Up to and including the line with "Comparative grouped volatiles", restate every line of the records below word for word, from the first line on, leaving out the pictures.

* * *

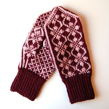 Tovede damevotter i bringebærrødt og rosa
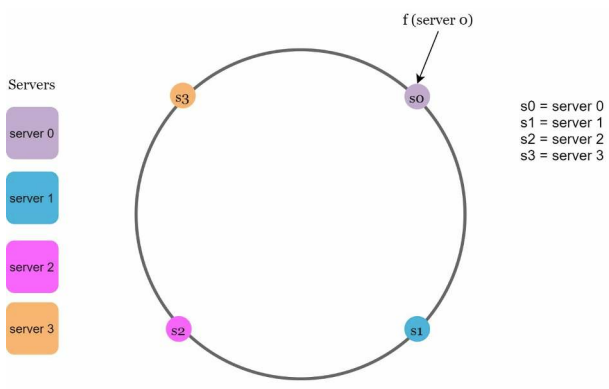 해시 함수 f를 사용해 서버 IP나 이름을 링 위의 어떤 위치에 대응 시킬 수 있다.
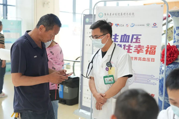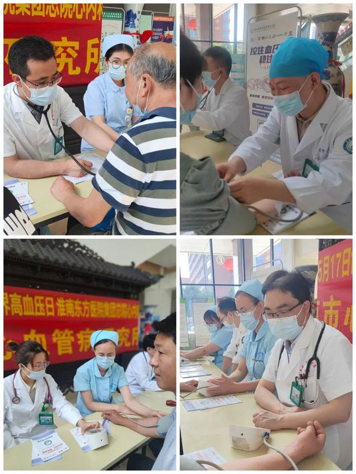 2024年5月17日是第20个世界高血压日,为提高群众高血压防治知识知晓率,普及健康生活方式,培养群众防治高血压的行为能力,淮南东方医院总院高血压达标中心组织开展了“控住血压,稳住幸福”专题健康宣教活动,由淮南东方医院总院心血管内科专家李枫院长主持,在心血管内科汪蛟龙、叶平、刘焰华、金希华主任带领下,李雪、张鸣、马超主治医师,刘桂英、程慧护士长及其医护人员在东方总院门诊部为社会群众进行了健康宣教活动。
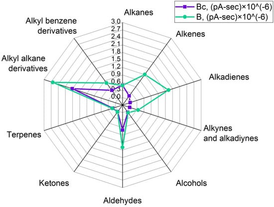 Comparative grouped volatiles profile in oleogels, structured with monoester’s fraction. Bc—control, B—sample after ultrasound. Units are peak area’s sum × 10−6.
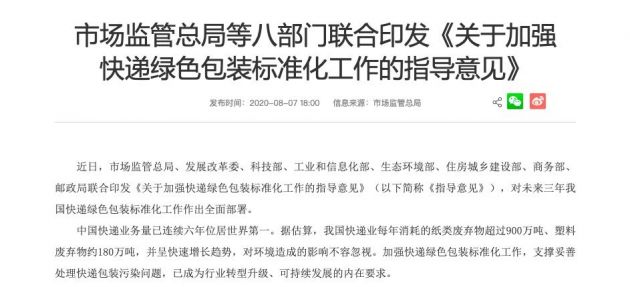 8月8日消息,日前,市场监管总局、发展改革委、科技部、工业和信息化部、生态环境部、住房城乡建设部、商务部及邮政局发布关于加强快递绿色包装标准化工作的指导意见,意见明确,力争到2022年,全面建立严格有约束力的快递绿色包装标准体系,逐步完善标准与法律政策协调配套的快递绿色包装治理体系,推动标准成为快递绿色包装的“硬约束”,支撑快递包装减量化、绿色化、可循环取得显著成效。
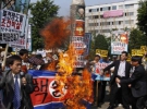 Між тим, в Сеулі проходять акції протесту проти запуску ракети КНДР. Учасники акції палять макети ракети, прапори КНДР та портрети північнокорейського лідера Кім Чен Іра.
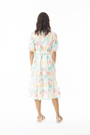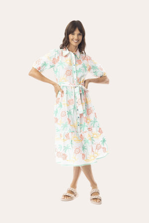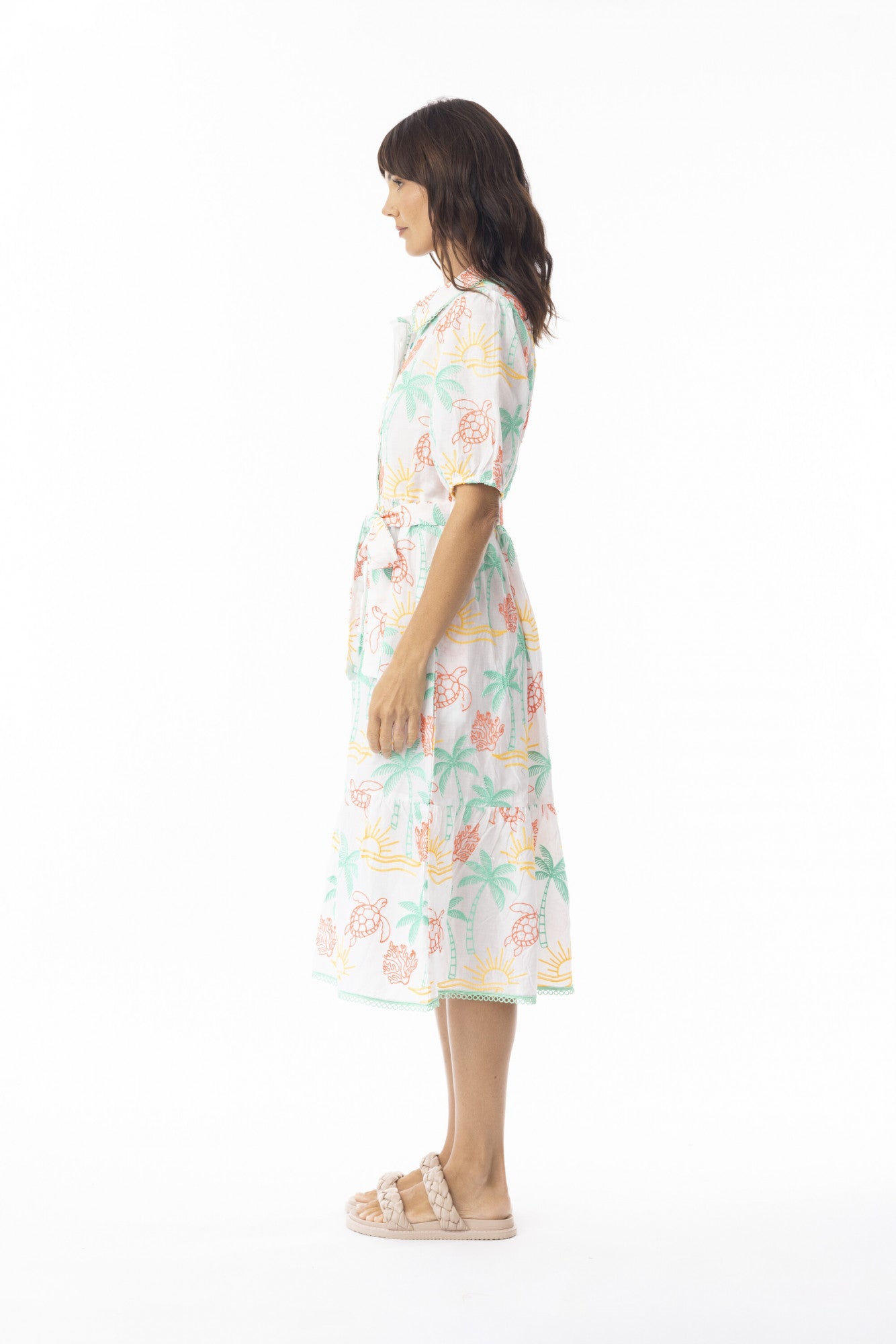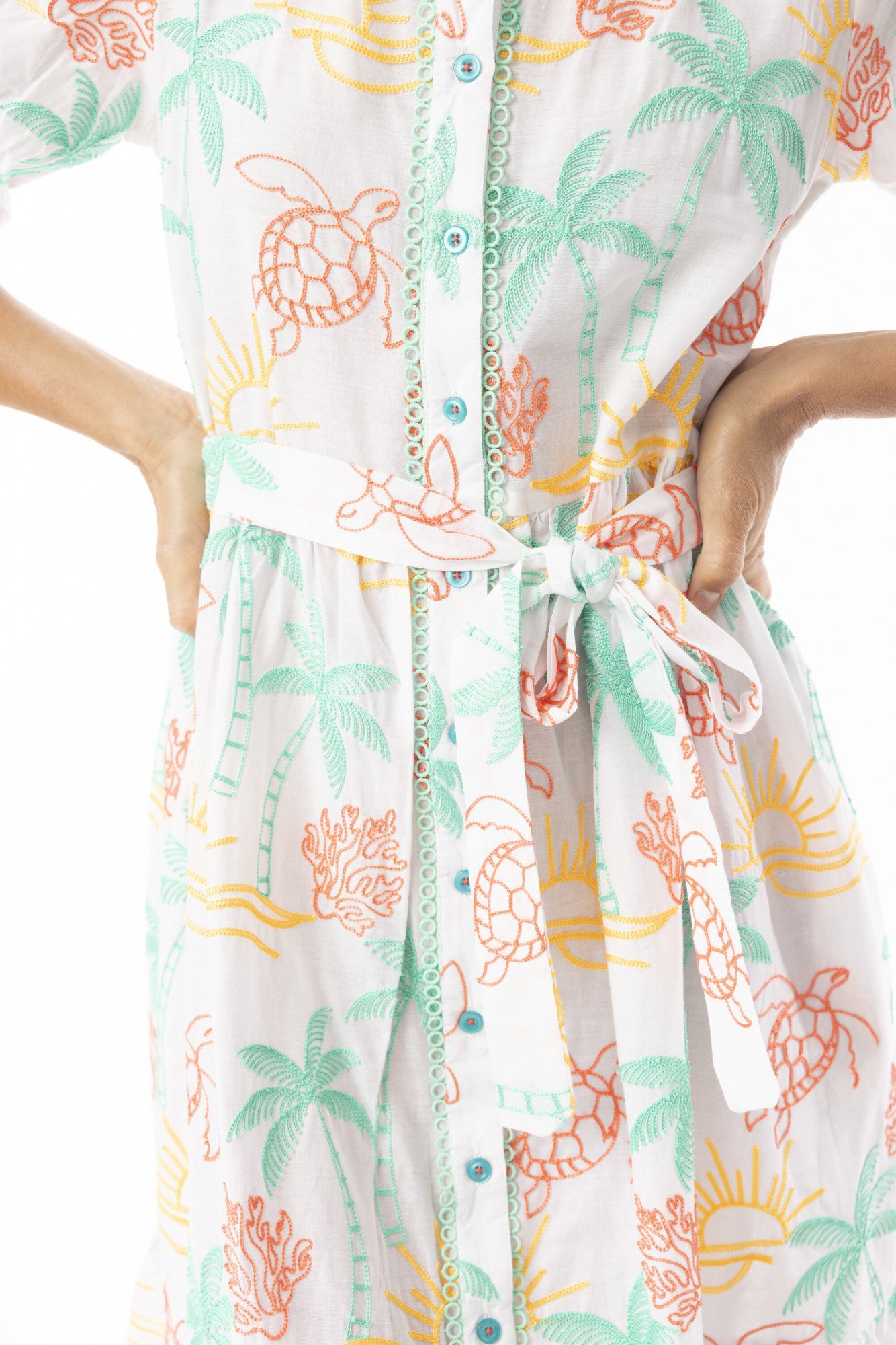 Whisk yourself away with the horizon-chasing Coral Collar Elbow Sleeve Dress. This dress features a unique embroidery feature design of sunny palms, sea turtles, and coral. It includes graceful gathered half sleeves, a flattering fabric tie belt, and a playful frill hem, perfect for an ocean-inspired escape.
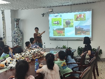 活动中,志愿者通过视频、PPT讲解等形式,深入浅出,介绍了奶牛的形态特征、奶制品生产加工流程等科普知识。
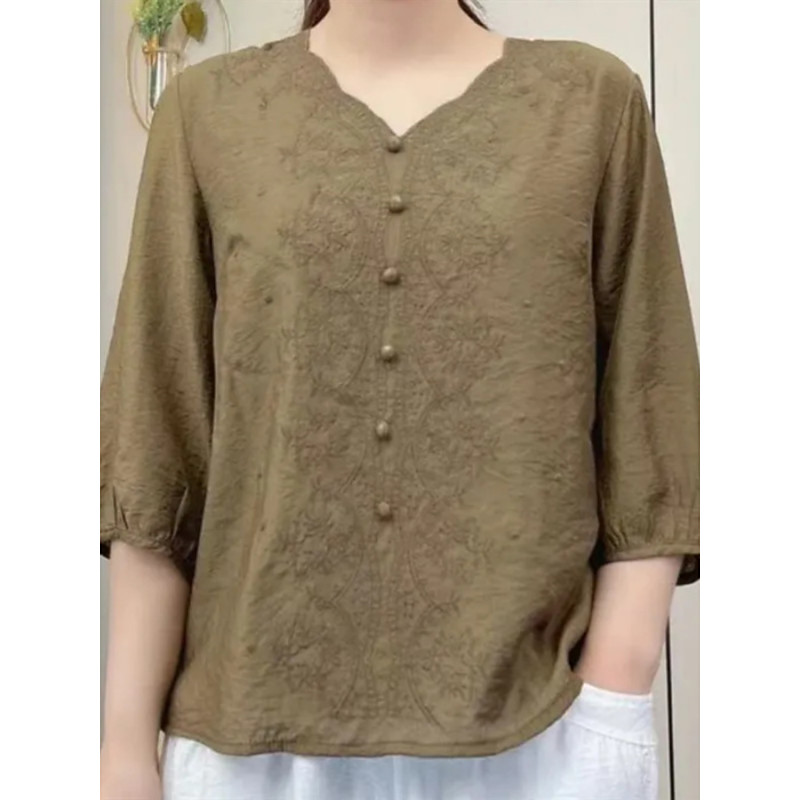 Women's Blouse Solid Color Daily Stylish Casual 3/4 Length Sleeve V Neck Regular Tops Daily Lace Embroidered Buttons Blue White Yellow Pink Navy Blue Summer Spring Fall

* * *

■ Written response:
 Tovede damevotter i bringebærrødt og rosa
 해시 함수 f를 사용해 서버 IP나 이름을 링 위의 어떤 위치에 대응 시킬 수 있다.
 2024年5月17日是第20个世界高血压日,为提高群众高血压防治知识知晓率,普及健康生活方式,培养群众防治高血压的行为能力,淮南东方医院总院高血压达标中心组织开展了“控住血压,稳住幸福”专题健康宣教活动,由淮南东方医院总院心血管内科专家李枫院长主持,在心血管内科汪蛟龙、叶平、刘焰华、金希华主任带领下,李雪、张鸣、马超主治医师,刘桂英、程慧护士长及其医护人员在东方总院门诊部为社会群众进行了健康宣教活动。
 Comparative grouped volatiles profile in oleogels, structured with monoester’s fraction. Bc—control, B—sample after ultrasound. Units are peak area’s sum × 10−6.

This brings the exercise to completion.